Jackson: Now out of some of the songs that you have done, I like the "Juke Joint Woman." What was the inspiration for that?

Garner: Well, the narrative always come back later because you know you go ahead and write the song. And then a lot of times I would tell a bit of a story—where the song came from. Then I would go into the song or either in the middle of the song. I might tell a story about something in the song, it just depends on my testimony. A little of that gospel still works.

Jackson: Now out of some of the songs that you have done, I like the "Juke Joint Woman." What was the inspiration for that?
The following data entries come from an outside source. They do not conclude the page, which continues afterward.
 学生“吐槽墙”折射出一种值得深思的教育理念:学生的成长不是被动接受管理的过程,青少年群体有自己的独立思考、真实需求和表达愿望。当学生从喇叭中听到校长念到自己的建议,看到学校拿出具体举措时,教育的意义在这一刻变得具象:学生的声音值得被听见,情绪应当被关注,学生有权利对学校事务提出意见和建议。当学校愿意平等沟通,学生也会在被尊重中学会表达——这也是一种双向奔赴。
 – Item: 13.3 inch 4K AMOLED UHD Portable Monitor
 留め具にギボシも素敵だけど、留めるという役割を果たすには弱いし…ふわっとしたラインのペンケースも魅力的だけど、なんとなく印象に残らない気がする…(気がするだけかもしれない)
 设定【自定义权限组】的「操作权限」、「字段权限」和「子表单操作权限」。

Garner: I wrote that at Tabby's.

Jackson: Oh, you did.

Garner: Yea, one evening I got off from work and I stopped by Tabby's. I think it was a Wednesday because jam nights are Wednesdays and I just stopped by and was hanging out and these state workers came in, about five or six of them. They said, we came by to see Tabby's Blues Box. Tabby got excited; I got five people coming in, about four or five in the evening. He really didn't have a happy hour so they started drinking, and a song came on the juke box, and this one lady, she jumped up and started shaking and dancing and throwing her hands up. I said now that's a juke joint woman right there in my mind.
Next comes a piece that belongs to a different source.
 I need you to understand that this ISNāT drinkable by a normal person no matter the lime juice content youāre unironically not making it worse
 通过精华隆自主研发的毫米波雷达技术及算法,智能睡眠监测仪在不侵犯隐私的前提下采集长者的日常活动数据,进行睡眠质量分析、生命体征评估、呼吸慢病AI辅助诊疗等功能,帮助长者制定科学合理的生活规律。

Jackson: She didn't need anyone else to dance with?

Garner: Naw, naw she didn't need anybody! So I got me a napkin and went to go sit in the corner and started writing me a song and I wrote it all, right there that day. . . . Yea, then I went home and transported it. I just didn't know what beat I was going to put to it, so I just ended up getting a Jimmy Lee juke joint kind of beat.

"Jook Joint Woman"

Verse
She is the woman in the back of the club with her hands up in the air.
She is the woman in the back of the club with her hands up in the air.
What the people think about her or what they got to say,
She is content with the blues because she lives with them everyday.

Refrain
She is a jook joint woman, a jook joint woman.
She is a jook joint woman and she jooks the joint all night long.

Verse
She is a woman who lifts you up when your chips are down.
She is a woman that so-called proper woman can't stand to be around.
She is not ashamed of the friends that she choses.
She is the first one to get there and the last one to leave when the club closes.

Refrain
She is a jook joint woman, a jook joint woman.
She is a jook joint woman and she jooks the joint all night long.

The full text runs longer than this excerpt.